Het zijn heel merkwaardige kikkers, deze familieleden van de om andere redenen al even eigenaardige ►pipa. In hun bassin van de amfibieënafdeling zijn ze goed te bekijken.
Glad en gestroomlijnd, met een vreemd rond hoofd en, in rust, wijd uitstaande voorpootjes die als door een kind getekende ‘harkhandjes’ dragen. De bolle oogjes zitten nòg raarder voor- en bovenop de kop dan bij andere kikkers. Aan de achterzijde een paar krachtige poten met lange tenen waartussen grote zwemvliezen zijn gespannen. In rust maken ze de indruk van zielige, door amateurhand opgestopte en heel schuwe diertjes. Maar bij de geringste storing schijnen ze met alle geweld te pogen door de bodem van hun bassin heen te dringen. In enkele seconden is het aquarium een kolkende, ondoorzichtige massa opdwarrelend vuil en zand, waarin de kikkers volkomen schuilgaan.
Wat ook de bedoeling is, want al is de klauwkikker een uitstekende zwemmer die niet voor een vis onderdoet, voor zijn verdediging is dat vaak niet genoeg; een zandgordijn voldoet dan beter.

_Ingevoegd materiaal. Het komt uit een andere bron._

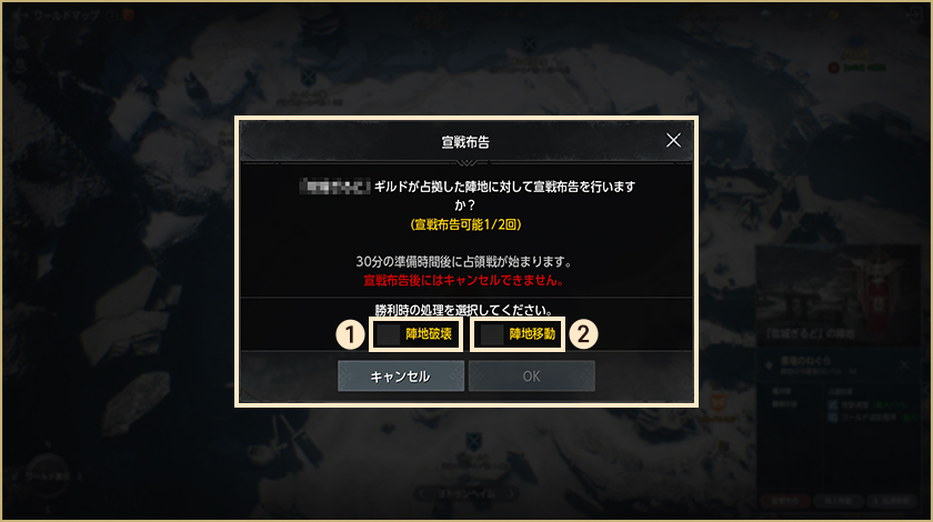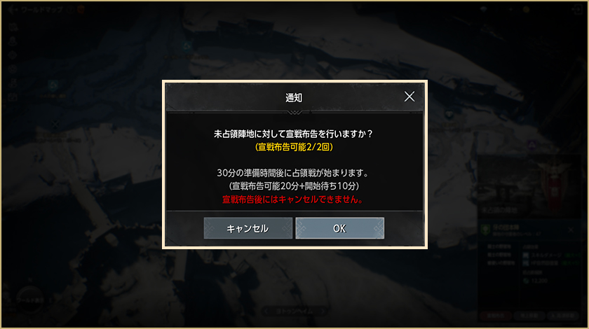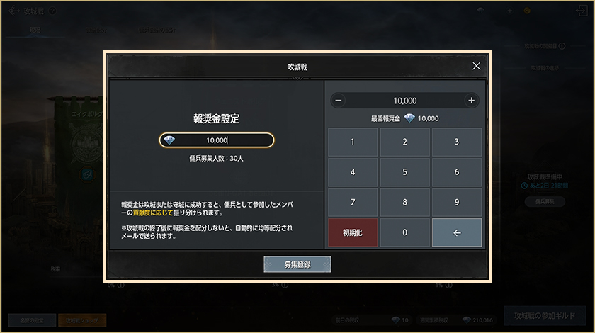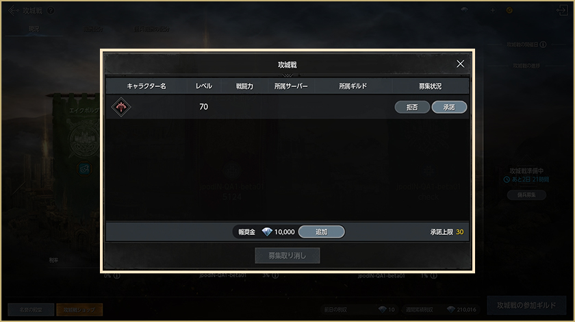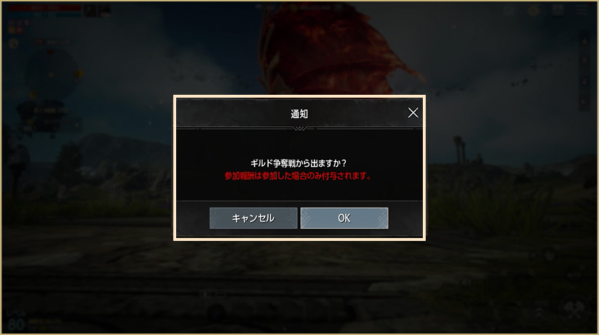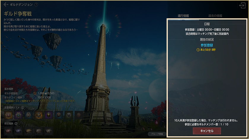 – 参加登録期間中、ギルド争奪戦の参加に必要な最低人数10人が参加登録をしなければマッチングは行われません。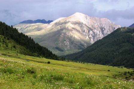 松梭沟口, 上麻绒村村长和另外三个老乡骑着马, 驮着给山顶松梭牛场的酥油,粘粑等食物进了沟, 他们在碎石和烂木片铺成的小路上鱼贯而行, 从这里到上顶至少也要两个小时, 眼看暴雨就要来临, 他们不由得加快了行进的速度, 山沟里刮过一阵大风, 迎风舞动的森林黑了下来, 不一会儿, 雨点就开始打在路上, 朝前望去, 只见通向山顶的峡谷的天空里, 雨水拉起了一道白色的幔帘, 这道幔帘飘来飘去, 将雨水撒向了峡谷两面山上开满了鲜艳的格桑花的山坡。
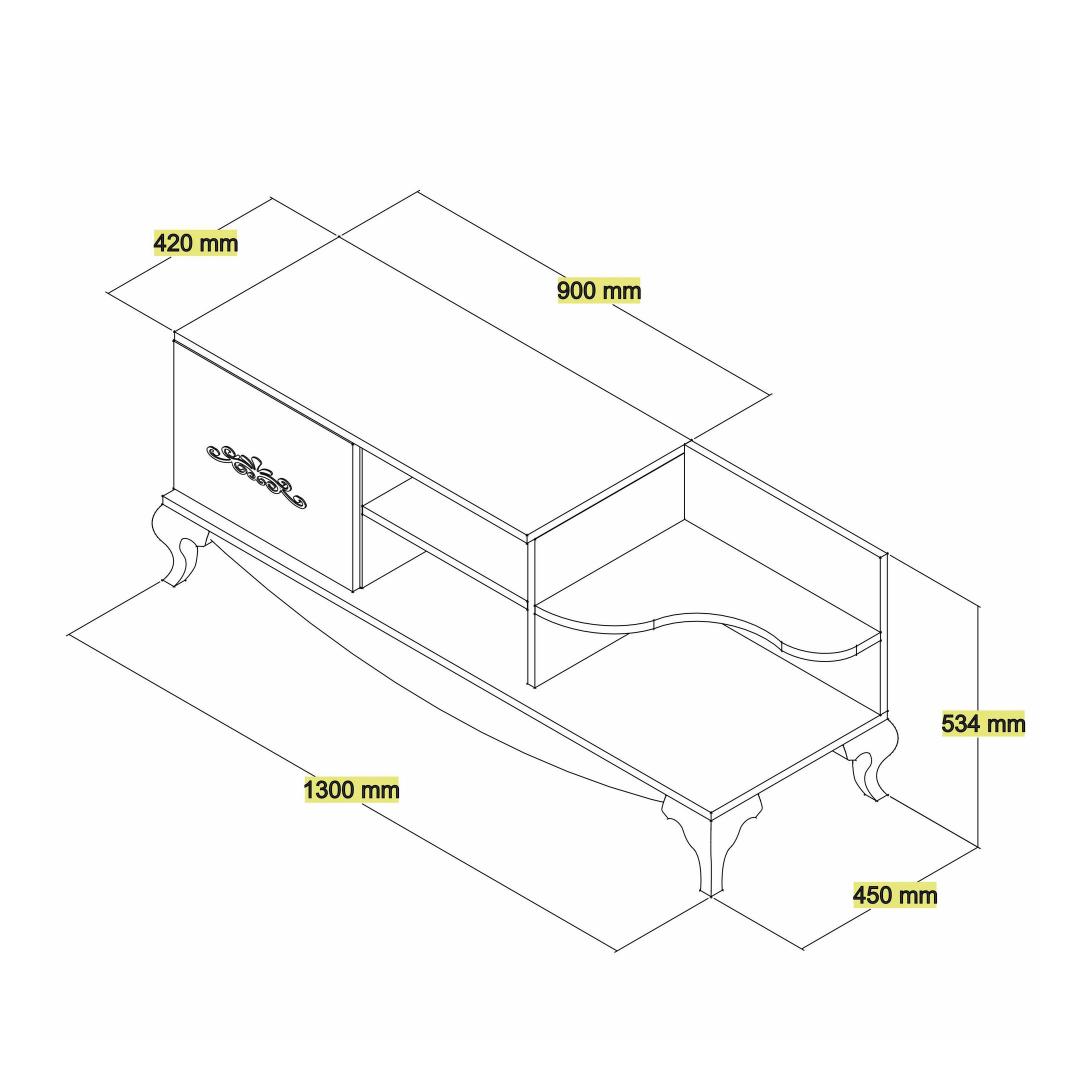 Width: 130 cm Height: 50,6 cm Depth: 45 cm

Misschien dat om die reden de zogenaamde zijdestreep, zoals deze ook bij vissen wordt aangetroffen, zo goed is ontwikkeld. Met behulp van de kleine cellen die in een lijn langs lichaam en kop zitten, kan het dier bepaalde trillingen, dus bewegingen in het water voelen. Wat voor plaatsbepaling van een vijand in het troebele water effectiever is dan het gezichtsvermogen. Hij kan bijna net zo vlug achteruit als vooruit zwemmen, ook al een goed middel om aan een begerige bek te ontkomen. Klauwkikkers komen in enkele vormen over grote delen van Afrika voor in poelen en meertjes. Als deze in de droge tijd hun water verliezen, kruipen de kikkers weg in de modder om een droogteslaap te houden. Soms trekken ze over land naar ander water, maar dat gaat langzaam en onhandig. Normaal komen ze niet op het droge.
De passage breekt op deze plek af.